Jordan’s invasion during the 1948 war resulted in the occupation of Judea and Samaria, including eastern Jerusalem. In the following year, Jordan annexed the territory and introduced the term “West Bank,” attempting to sever Jewish historical identity from the land. During Jordanian rule, Jewish communities were expelled, synagogues were destroyed, and Jews were barred from sacred sites such as the Western Wall and the Mount of Olives cemetery.
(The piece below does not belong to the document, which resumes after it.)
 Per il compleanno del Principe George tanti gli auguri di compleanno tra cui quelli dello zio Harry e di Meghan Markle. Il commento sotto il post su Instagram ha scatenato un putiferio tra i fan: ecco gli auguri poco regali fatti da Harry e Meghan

The Six-Day War of 1967 altered the geopolitical landscape when Israel captured the territory while defending itself against coordinated threats from surrounding states. From Israel’s perspective, this was not the seizure of foreign land but the recovery of ancestral homeland and access to sacred heritage sites. The Bible speaks directly to the inseparable bond between the Jewish people and their land:
“For the LORD will have compassion on Jacob; once again He will choose Israel and will settle them in their own land. Foreigners will join them and unite with the descendants of Jacob.” (Isaiah 14:1)

Critics frequently frame Israel’s presence in Judea and Samaria as occupation, yet international law debates remain unresolved, particularly because Jordan’s annexation was widely rejected and no sovereign Palestinian state existed there prior to 1967. While Palestinian national identity developed over time and deserves serious consideration in diplomatic dialogue, historical reality cannot be rewritten to erase Jewish indigeneity.
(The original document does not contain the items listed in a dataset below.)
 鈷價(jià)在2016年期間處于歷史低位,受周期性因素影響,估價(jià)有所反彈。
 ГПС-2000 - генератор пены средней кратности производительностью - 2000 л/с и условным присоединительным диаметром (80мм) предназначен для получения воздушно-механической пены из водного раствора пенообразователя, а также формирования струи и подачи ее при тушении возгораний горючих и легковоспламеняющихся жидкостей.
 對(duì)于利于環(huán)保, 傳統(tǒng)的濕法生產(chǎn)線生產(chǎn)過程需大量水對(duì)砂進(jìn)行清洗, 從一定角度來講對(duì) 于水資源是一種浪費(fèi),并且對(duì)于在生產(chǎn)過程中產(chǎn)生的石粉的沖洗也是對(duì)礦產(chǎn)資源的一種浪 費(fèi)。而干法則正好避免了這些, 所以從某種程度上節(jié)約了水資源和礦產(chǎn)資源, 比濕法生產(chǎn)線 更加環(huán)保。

Moreover, Scripture portrays the land not merely as territory but as covenantal inheritance tied to Jewish identity and survival. The Psalms emphasize this relationship with emotional clarity:
“If I forget you, Jerusalem, may my right hand forget its skill. May my tongue cling to the roof of my mouth if I do not remember you, if I do not consider Jerusalem my highest joy.” (Psalm 137:5–6)

Peace in the region requires confronting historical truth alongside modern political realities. Denying the Jewish connection to Judea and Samaria does not promote reconciliation; it deepens division. Recognition of historical and biblical continuity provides a foundation for honest negotiation rather than ideological distortion.

Judea and Samaria are not relics of religious imagination or colonial expansion. They represent the geographic heart of Jewish history, faith, and national identity. Any durable peace must begin by acknowledging that the land is inseparable from the people whose story was written upon its hills long before modern borders were drawn.